No-one from IHC Dunedin recognised her name, but ODT readers came forward yesterday and revealed her connection to Dunedin and reasons for her bequest.

Mrs Van Duyn and her husband, Diederik (Dick) Adrianus Van Duyn, left Dunedin in the late 1970s on the steel yacht Johanna, which Mr Van Duyn built and named after his wife.

The Netherlands-born couple made friends in the city, including Selwyn Chalmers and his wife, Pam.

Mrs Chalmers worked as a dental assistant with Mrs Van Duyn, whom they knew as Anne, at the University of Otago's dental school.

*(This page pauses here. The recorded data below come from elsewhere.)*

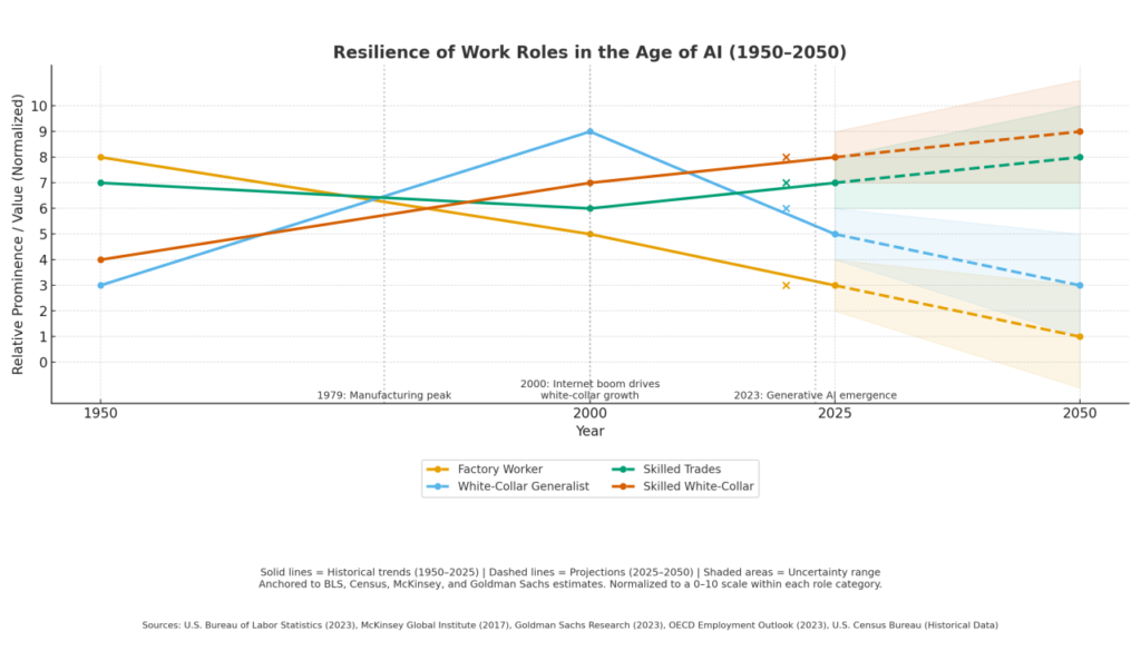 Ryan Ripley from Agile for Humans recently discussed how AI might impact careers in the future. His chart below shows how different work roles such as factory workers, skilled trades, white-collar generalists, and skilled white-collar professionals have shifted in relative prominence since 1950 and how they are projected to evolve through 2050.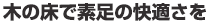 帰宅して、靴と靴下を脱いで素足になると、何となくほっとしたような開放感を覚えます。また、足の裏をもんだり温めたりすると気分がリラックスするように、足の裏から伝わる感触や情報は、直接脳に伝達されると言われています。杉のように比重が軽い木ほど、あたたかく感じられます。厚くするほど断熱性は増し、あたたかさも増します。また滑りにくいので、お年寄りや小さなお子様のいる場合でも安心です。 |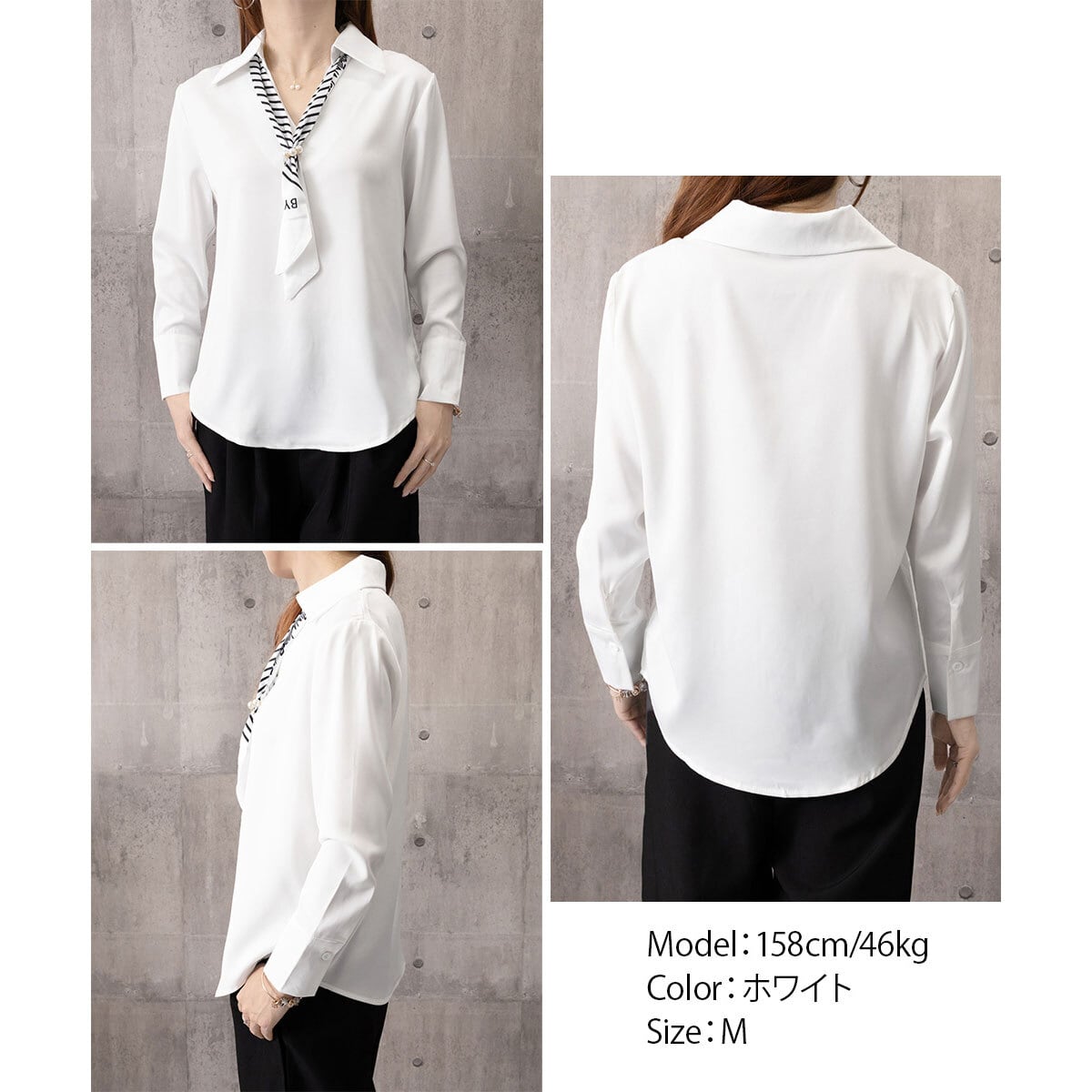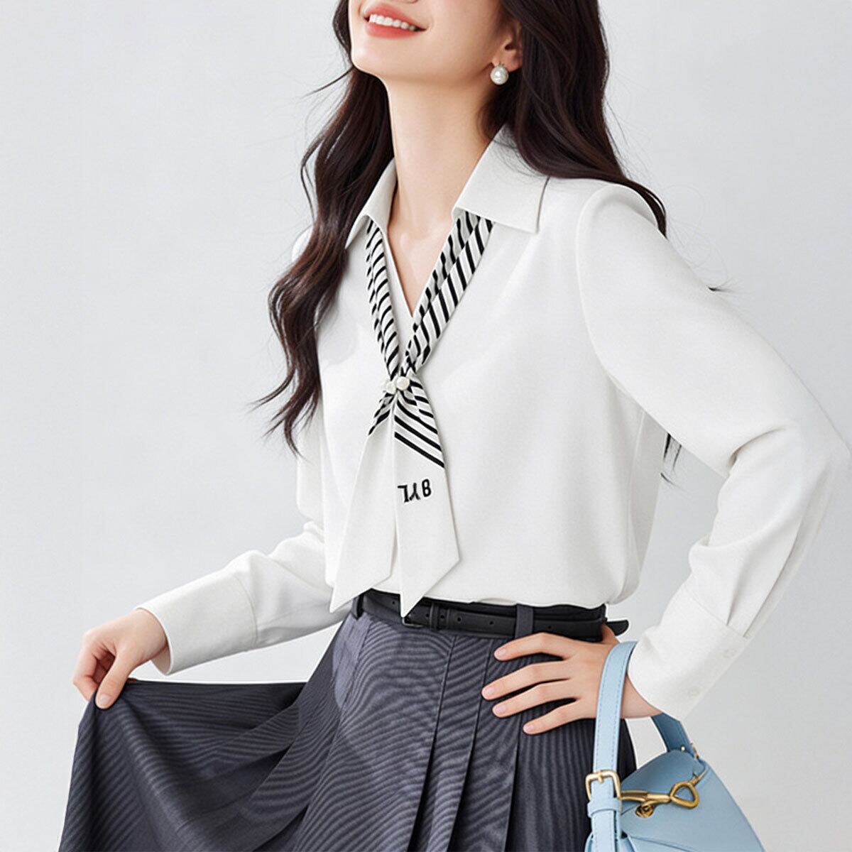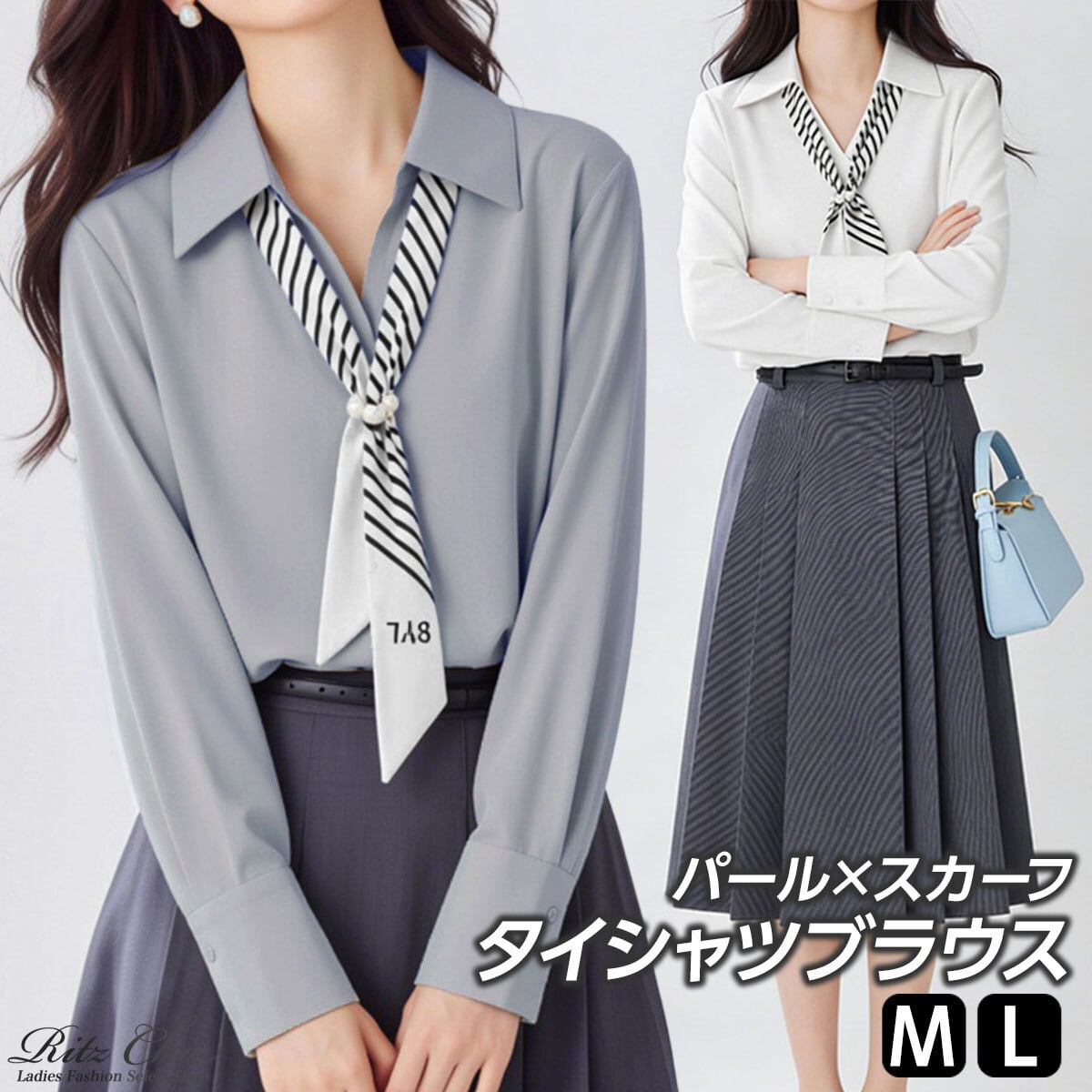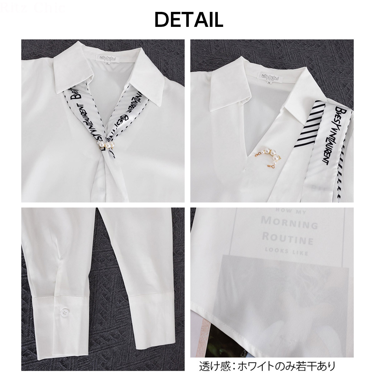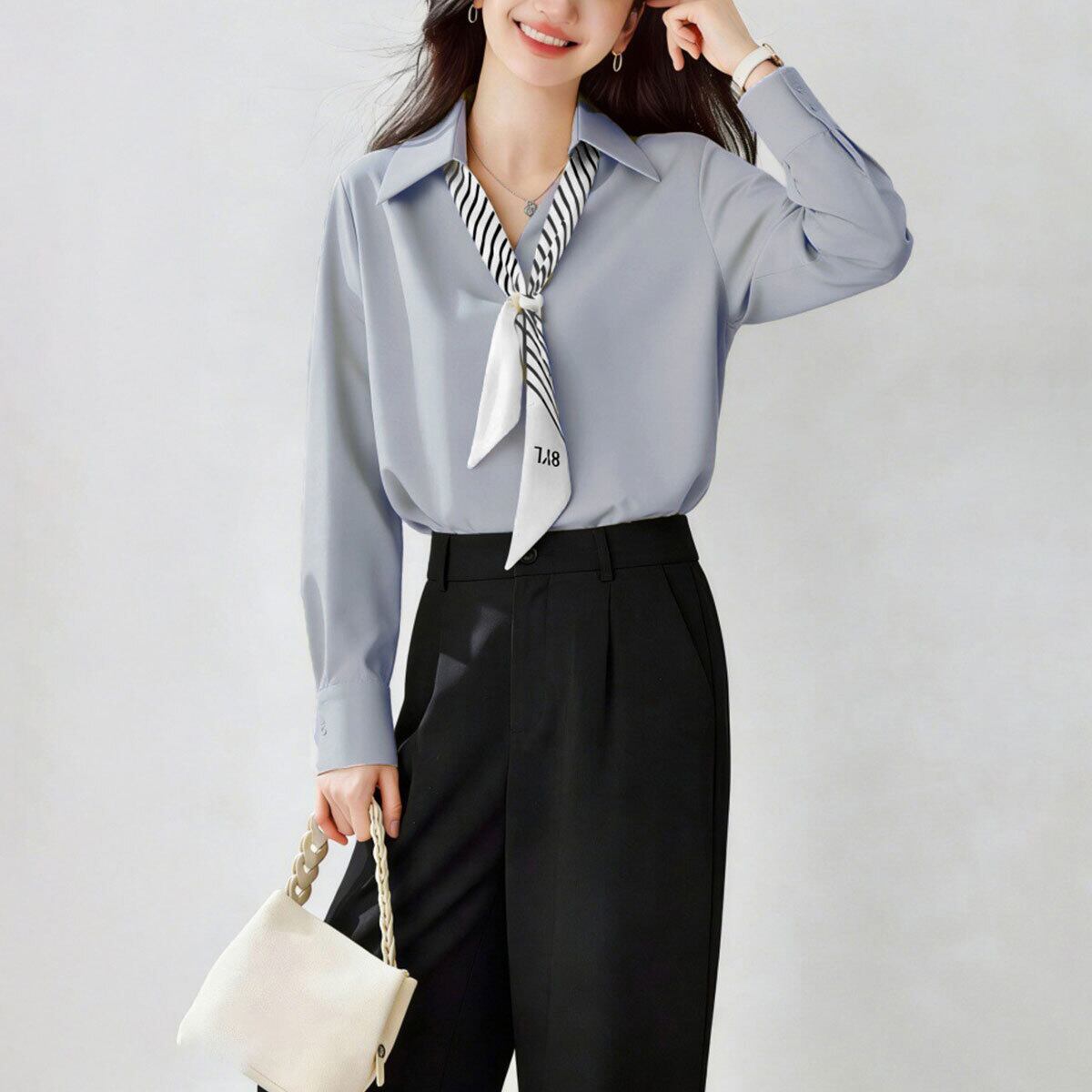 シャツブラウス 長袖 ブラウス パール付きスカーフ レディース 春秋 韓国 きれいめ 大人 上品 シンプル ビジネス オフィス フォーマル 入学式 入園式 卒業式 卒園式 参観日 通勤 大人可愛い 大人女子

Mrs Van Duyn, who had no children of her own, worked with a dentist called Harvey McClymont and treated intellectually handicapped children.

''My wife thinks she can vaguely recall Anne coming back after lunch one day saying she had left her money to IHC, because she had no family of course.''

They had fond memories of the couple, with whom they became quite close.

The Van Duyns left them some of their belongings, including a projector, when they sailed away.

''We never heard from them again.

''I just hope that it [the money] does come back here, because she really enjoyed working with those kids,'' Mr Chalmers said.

Other readers, including Colin Withnall QC, said the pair were members of the Otago Yacht Club and friends with fellow member Martin Van Der Wende, who had a daughter with Down syndrome.

This was another reason why, in a will dated March 15, 1971, she chose to leave half her estate to helping Dunedin's intellectually handicapped children.

Ruth Watson, who yesterday researched the pair's history, said they married in New Zealand in 1952 after arriving from the Netherlands on the SS Sibajak.

They were both born in The Hague in 1931.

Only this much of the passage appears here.